NECROCURSE, Shape of Death (2012, Aftermath Music)

The skull:
I’m certain we’ve seen this exact skull before, ‘shopped into some other dull cover, but I’m not about to look it up. Here he is, tinted pink, smiling atop some very fascist-looking lightning bolts and an upside-down cross. It’s all impossibly dull, but the saving grace is that this was released as that rarest of novelties, the shaped CD. In 2012, no less. In fact, I’m not sure there’s even a printed-on-paper cover, just this disc in a clear case. That’s kind of cool, as a physical artifact, but it doesn’t excuse the total dullness of the design. Necrocurse has done other good work in the medium of Big Dumb Skulls, for which The Council is grateful, but if they keep up this kind of shoddy work, they might find themselves without the friendship of some very important, hooded figures.

The music:
Necrocurse are a bunch of old dudes from medium-famous underground bands (Runemagick, Swordmaster, and the biggest, Nifelheim) united in their common love of Swedish death metal demos of the late 80s.

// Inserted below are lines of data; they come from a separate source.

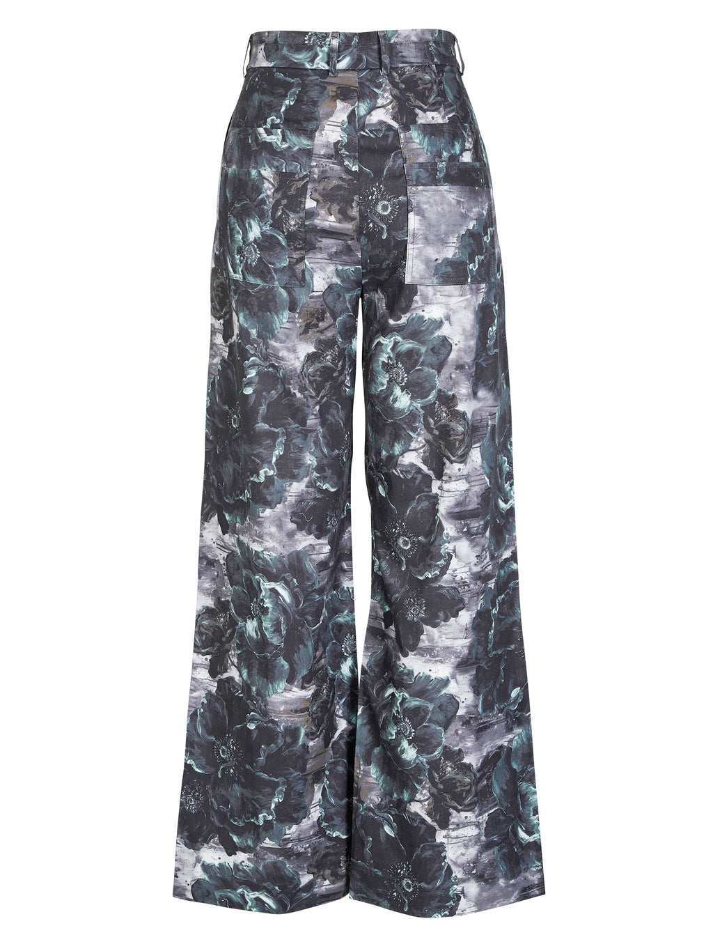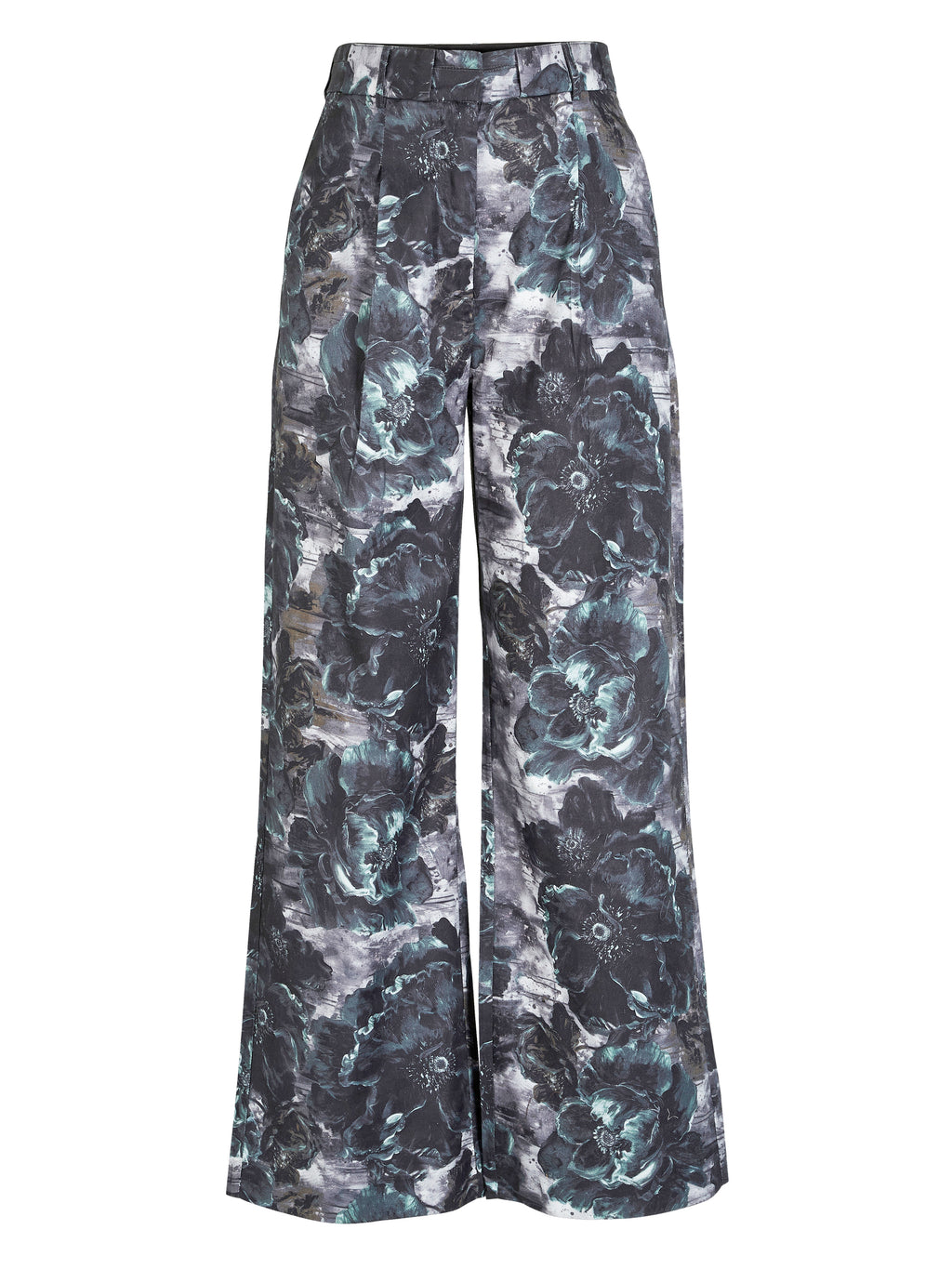 Give your outfit an artistic touch with these pants featuring a bold floral print. The wide leg width creates an elegant silhouette, while pleats and side pockets add structure and functionality. The closure consists of a zipper, inner hook, and button, as well as an elastic waistband on the inside, ensuring a comfortable and flexible fit.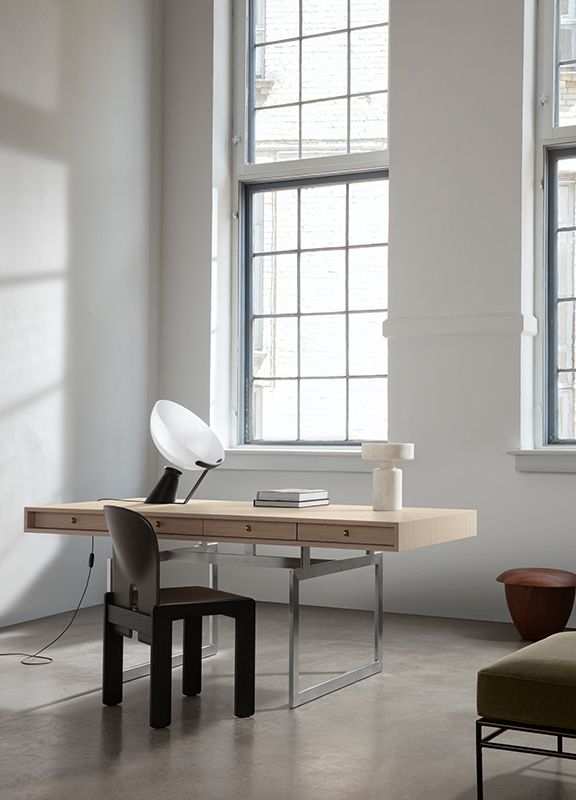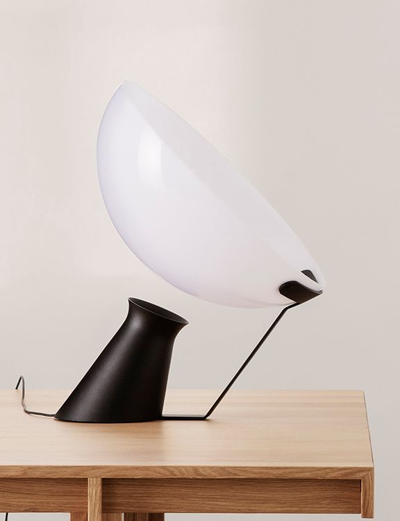 Reconocido por su enfoque investigado y controlado de los materiales, el arquitecto, escultor y diseñador italiano Angelo Mangiarotti creó la lámpara Aida que casi desafía la gravedad con su desconexión visual entre la base y la pantalla y una luz ambiental agradable. Haciendo referencia a los principios de su aclamada arquitectura, donde pilares delgados y elegantes sostienen techos grandes y pesados en una elevación casi imposible, Mangiarotti concibió la silueta bellamente equilibrada de Aida.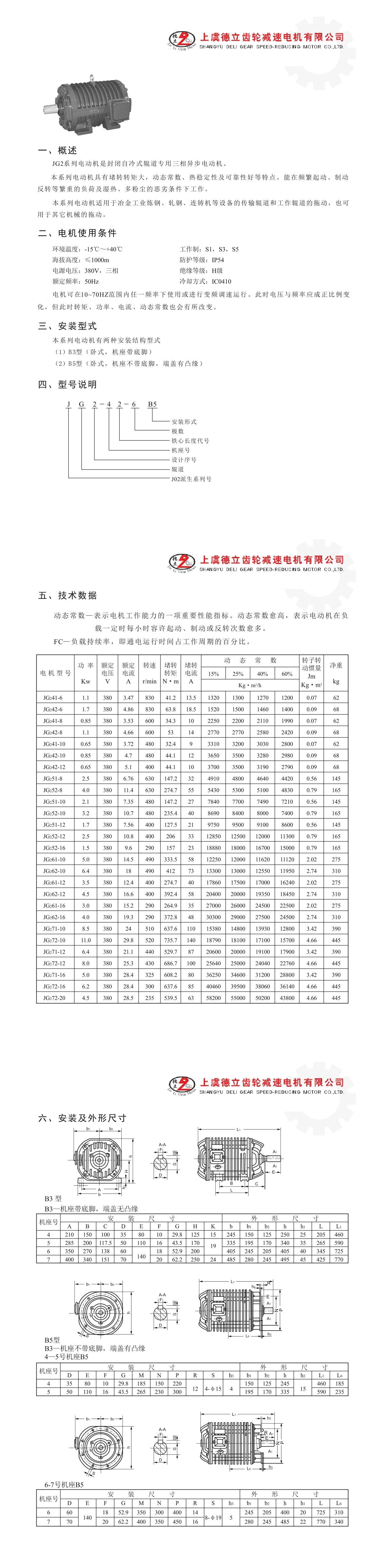 JG2系列電動機是封閉自冷式輥道用三相異步電動機,是我廠設計的系列產品,具有堵轉轉矩大,動態(tài)常數(shù)高的特點,能構在頻繁起動、制動和反轉的惡劣條件下工作,適用于冶金工業(yè)(軋鋼、煉鋼等) 傳送輥道和工作輥道的拖動,也可以用于拖動其他類似機械。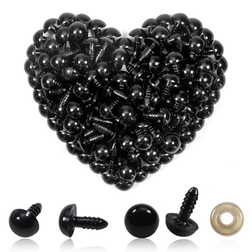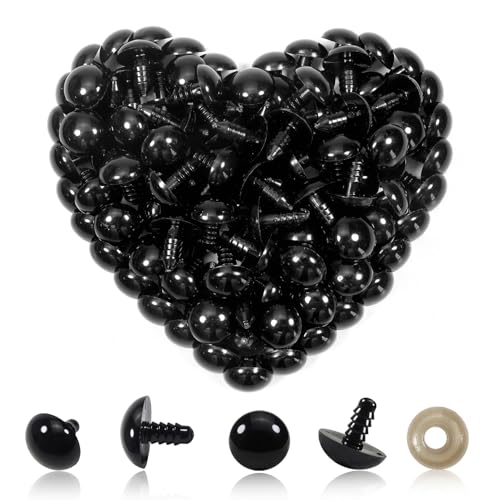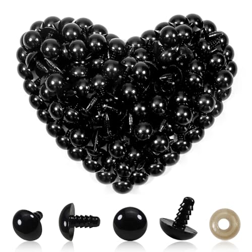 TOAOB Virkade Ögon Docka Svart 150 Stycken Dockögon Med Brickor 12 mm Säkerhetsögon för Virkade Djur för Hantverk Dockor Sömnad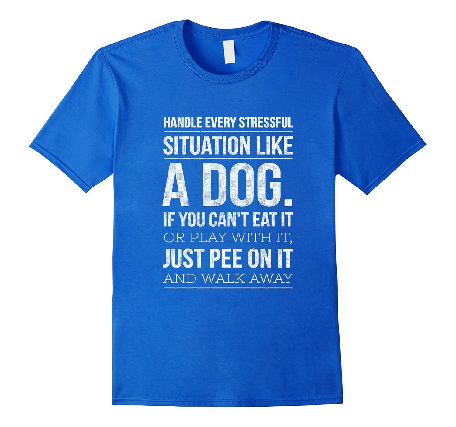 Solid colors: 100% Cotton; Heather Grey: 90% Cotton, 10% Polyester; All Other Heathers: 65% Cotton, 35% Polyester, Imported, Machine wash cold with like colors, dry low heat, Dog lovers will enjoy this t-shirt that says Handle Every Situation Like A Dog. IF You Can”t Eat It Or Play With It, Just Pee On It And Walk Away. This tee shirt makes a perfect gift for men or women who love dogs. Whether you love Rottweilers, Labs or Pugs this shirt is a perfect gift for a mom, sister, aunt, dad, brother, uncle who loves their puppy dog. Lightweight, Classic fit, Double-needle sleeve and bottom hem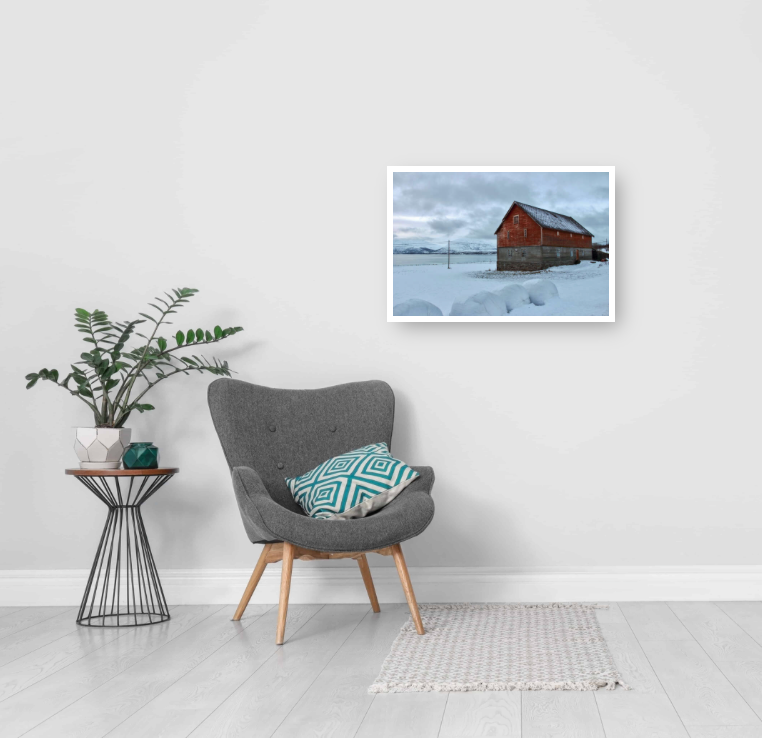 A lone red barn sits quietly in a sweeping winter landscape, framed by still water and snow-covered mountains. Soft, cold light washes over the scene, capturing the quiet beauty and isolation of the Nordic countryside.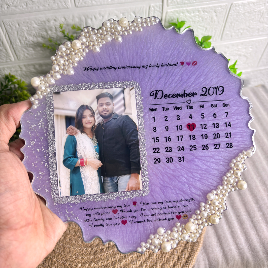 A beautifully handcrafted keepsake that captures meaningful dates in a unique way. Featuring an elegant calendar design embedded in high-quality resin, this frame is adorned with delicate moti (pearls) for a touch of sophistication. Personalize it with your special date, names, or a heartfelt message to create a one-of-a-kind memento. Perfect for anniversaries, weddings, birthdays, or any memorable occasion, this frame adds a timeless charm to your home décor. Celebrate love, milestones, and memories with this exquisite resin art frame, designed to last a lifetime.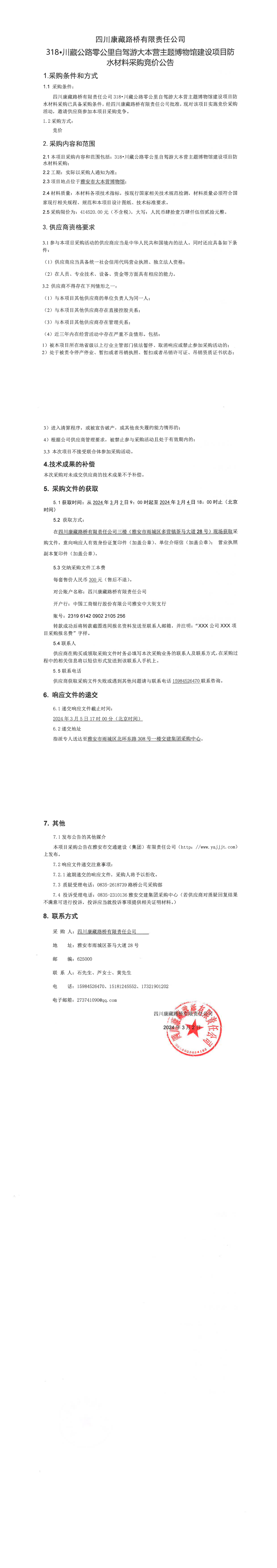 四川康藏路橋有限責(zé)任公司318·川藏公路零公里自駕游大本營主題博物館建設(shè)項(xiàng)目防水材料采購競價(jià)公告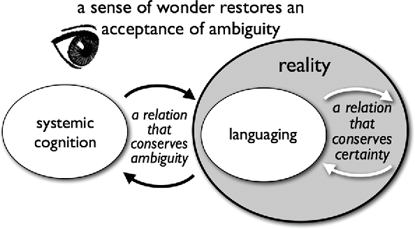 For us humans ambiguity is, I think, a necessary concomitant to complexity. Since we are living systems living systemically, in a complex systemic network of relations, complexity is a given. Thus ambiguity is also a given, though at times we would like to dispose of it or ignore it. In this paper I will approach the topic of ambiguity via some common metaphors, a parable, and through my understanding of biology, language, culture, cybernetics and systems. I began working with simulation models in the late 1960s, using punch cards and one-day batch processing at the University of California Berkeley campus computer center. As the complexity of our computing systems grew, I like many of my colleagues, became enchanted with this new possibility of dealing with complexity. Simulation models enabled us to consider many interrelated variables and to expand our time horizon through projection of the consequences of multiple causal dynamics, that is, we could build systems. Of course, that is exactly what we did, we built systems that represented our understanding, even though we may have thought of them as mirrors of the systems we were distinguishing as such. Like others, I eventually became disenchanted with what I came to regard as a selected concatenation of linear and quasi-linear causal relations. As I continued to discuss systems and eventually teach systems courses, I became acquainted with the work of Donella Meadows; and found myself deeply respectful of her insights and clarity. In particular I liked her paper “Dancing with Systems”2 where she claims “We can’t control systems or figure them out. But we can dance with them!” (Meadows, 2008, p. 170).3 I like the notion of dancing with as it implies both an ongoing coordination with another, or a group, and a coherence with something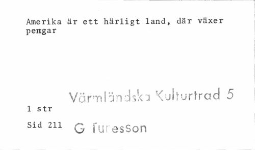 //// Amerika är ett härligt land, där växer pengar //// Värmländska Kull-urträd 5 //// 1 str //// sid 211 q j"ui esson ////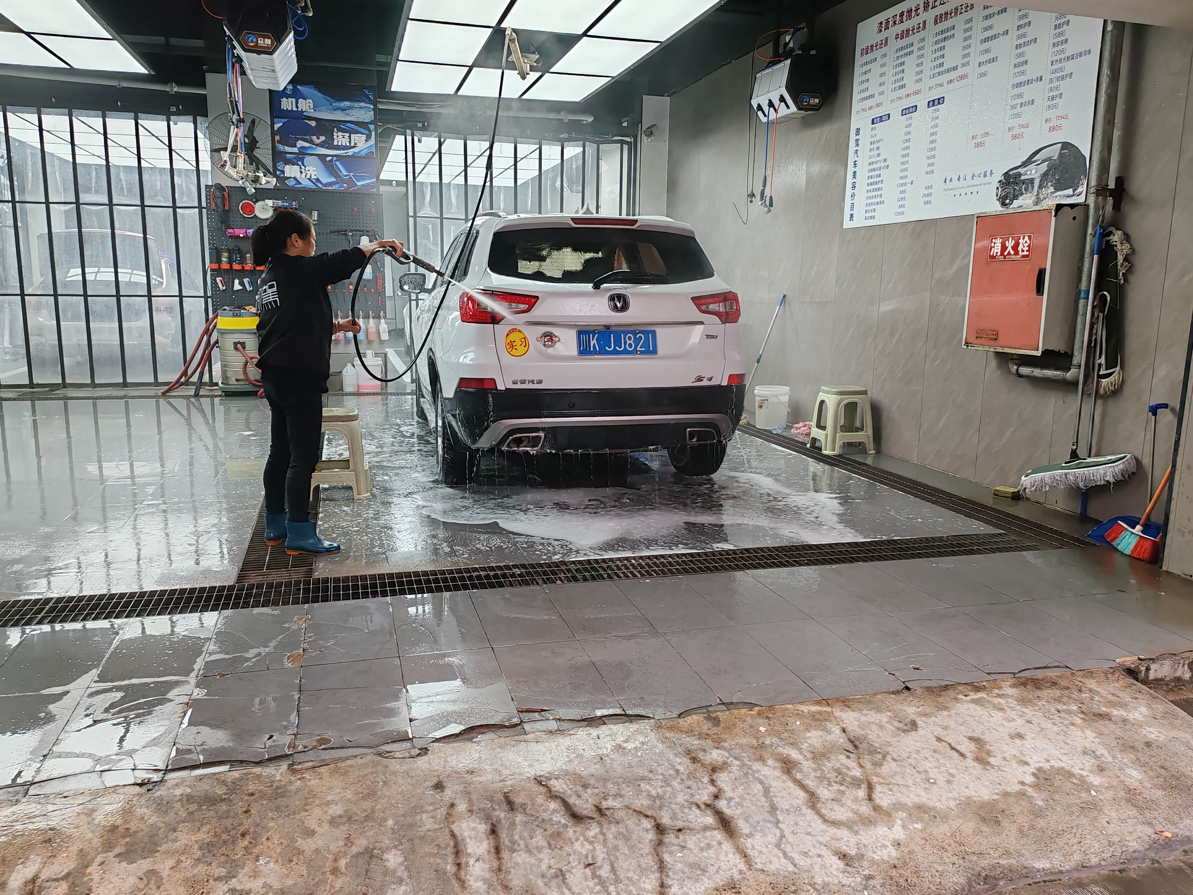 对于自己的爱车自己肯定还是要好好的养护起来的,比较爱美之心人皆有之,对于车辆的保养每个人有不同的看法,有的人觉得我平时对车辆的机油啊,机油滤芯这些进行更换就可以了,但是我个人觉得哈,对于汽车的美容这一块也是非常的重要,因为当你的车辆洗得干干净净,没事整得整整齐齐。以后你开车的时候心情都会变得更加的美丽,这样也有助于我们提升我们的价值体验让我们平时在使用的过程中,心情变得更加的美丽,让我们生活得到优质的提升,这也是我们对车的初衷,对不对,有的人喜欢自己在家里面洗洗自己的爱车,但是我这个人比较懒,正常情况下都是在专业的洗车店里面去洗,这样的话他们才会洗的比较干净,看一看这个洗车店还是非常的专业,对于车辆过户方位的细节都是写得非常的不错,下面我们就去详细的看一看他洗车的过程是怎么样的吧,也希望大家指正过程中的辅助支点,让我以后好注意车辆的使用,这样的话让我的车辆更好的为我服务,也让车辆的质保期变得更久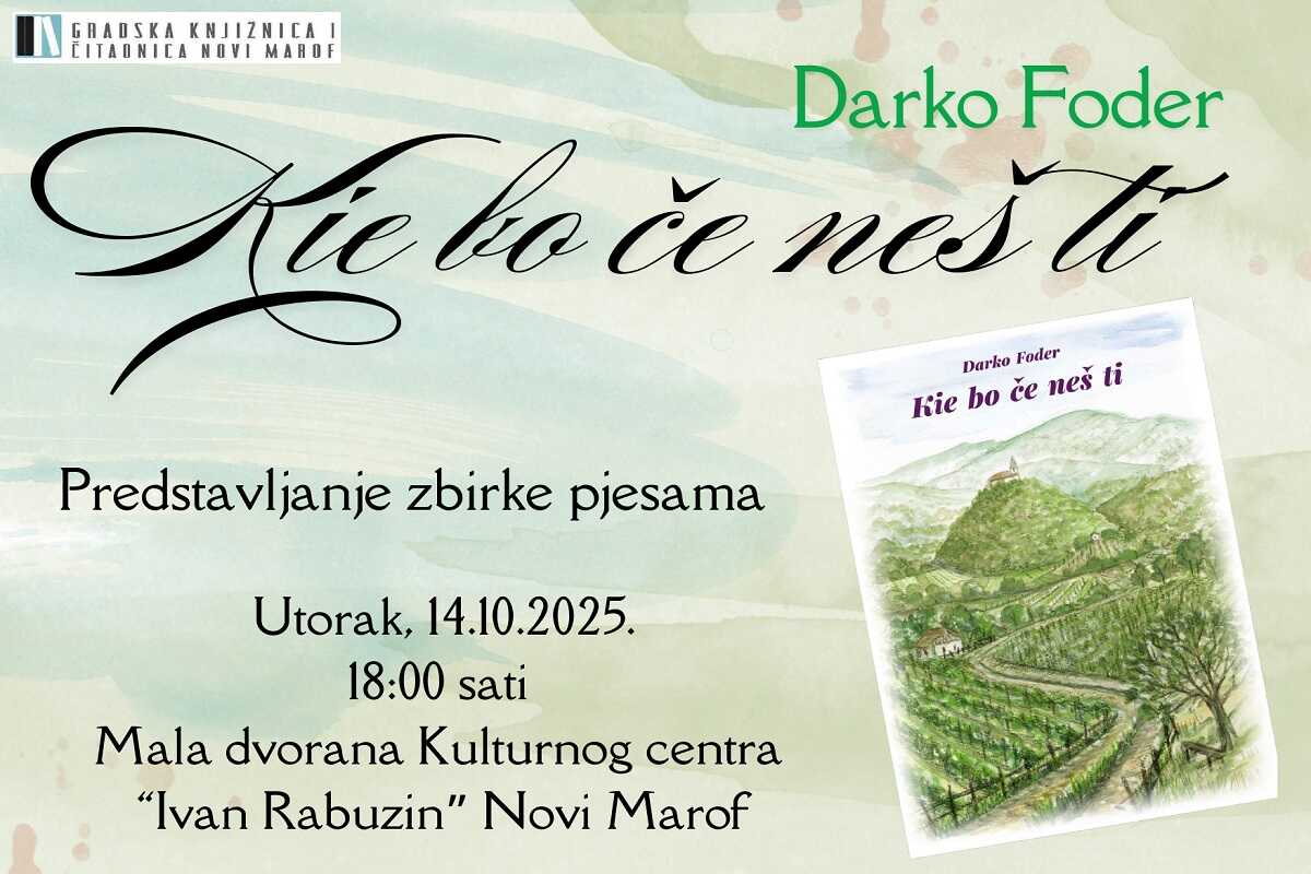 Predstavljanje zbirke poezije “Kie bo če neš ti” Darka Fodera održat će se u utorak 14. listopada, s početkom u 18 sati u maloj dvorani Kulturnog centra Ivan Rabuzin. Ulaz je besplatan!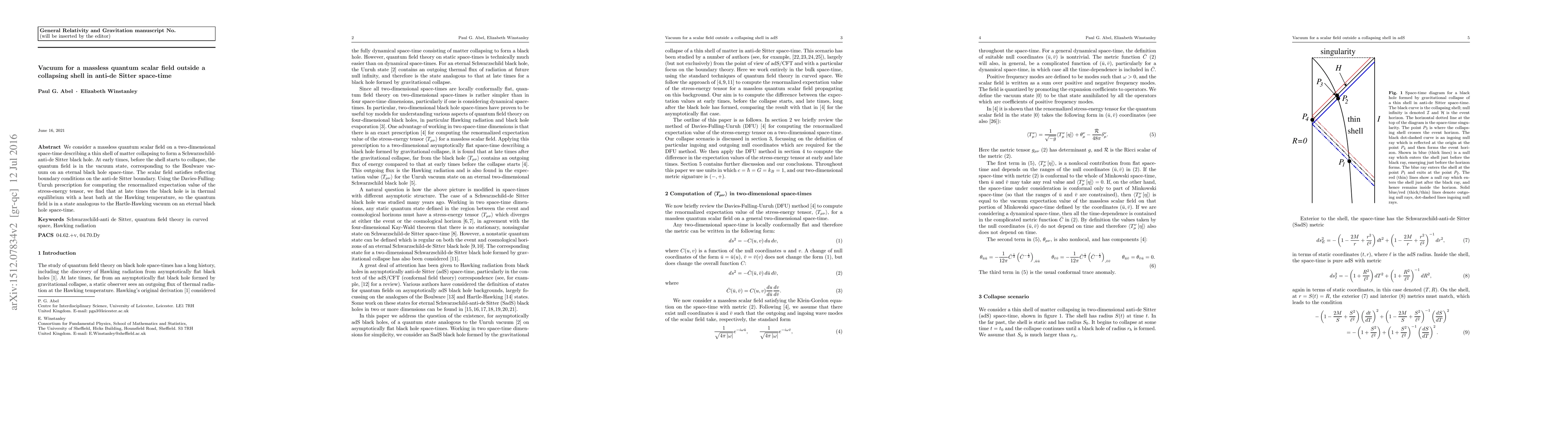 This paper examines a massless quantum scalar field in a two-dimensional space-time with an anti-de Sitter boundary, focusing on a collapsing shell forming a Schwarzschild-anti-de Sitter black hole. Initially in Boulware vacuum, the field transitions to a state analogous to the Hartle-Hawking vacuum, maintaining thermal equilibrium at the Hawking temperature.

If you like Carnage, Merciless, Nihilist, Grave, or Nirvana 2002, or modern knock-offs like Entrails or Repugnant, then you’ll probably like Necrocurse. I know I should like all these Stockholm syndrome bands about as much as I like the 10,000 new thrash bands who aren’t as good as Havok (which is to say: not much), but I really haven’t been exposed to too many Retombeds to be totally annoyed, and anyway this particular bunch of dudes have at least some claim to the sound. Shape of Death is a compilation of a couple EPs with a few bonus tracks tacked on, and it’s solid, but probably not the best introduction to the band. Then again, their lone EP is ever-so-slightly less derivative, and that could be a good or bad thing depending on your disposition.
— Friar Johnsen

SKULL569

KAOS, Kaos Among Us (2003, Oblivion Entertainment)

The skull:
Fashioning a chaos symbol out of swords was an inspired idea, and of course cramming them through a skull was the right thing to do. I like the bonus spiky flails as well; they have no business being there, and that’s what makes them work. But I could have done without the generic background of brown and fire. The whole thing looks like an ad for a Games Workshop product, and though that was pretty cool when Bolt Thrower did it in 1989, whatever metal cred being able to field a 3000 point Chaos Space Marine army might have once established, now you just look like some video game dweeb when you lay on the grimdark too thick.

The music:
When I first started spinning this, I thought it was pretty good modern rethrash, if a bit heavy on the crossover elements. I mean, it’s not awesome, and it’s not original by any stretch, but it’s got the fire and energy of a band who at least believe they’re doing more than recreating the sound of a scene they were too young to have experienced firsthand. But then I looked up the release date and saw that this came out long, long before the current trend for mosh exhumation, and it all started to make sense. In fact, Kaos started turning out demos in 1988, making them an honest-to-god first wave thrash band, even if it took them until the year 2000 to release a proper album. Imagine if Sadus started drifting toward hardcore after Swallowed In Black, and you’ll have a pretty good idea of what Kaos sounded like circa 2003. Not too shabby! Unlike 99.999% of today’s young thrashers, Kaos obviously have more inspiring source material in their record collections than Exodus, Slayer, and Ride the Lightning. The vocals are like a blown-out holler, none too pleasing, and no one is going to accuse Kaos of breaking new ground on their riffing, but this album was clearly made by lifers who knew what they were doing. As I get older and more jaded, I more on more rely on these gut-level inferences about a band’s intentions, which I know is not rational, but whatever. Kaos aren’t awesome, but better them than Toxik Holocaust.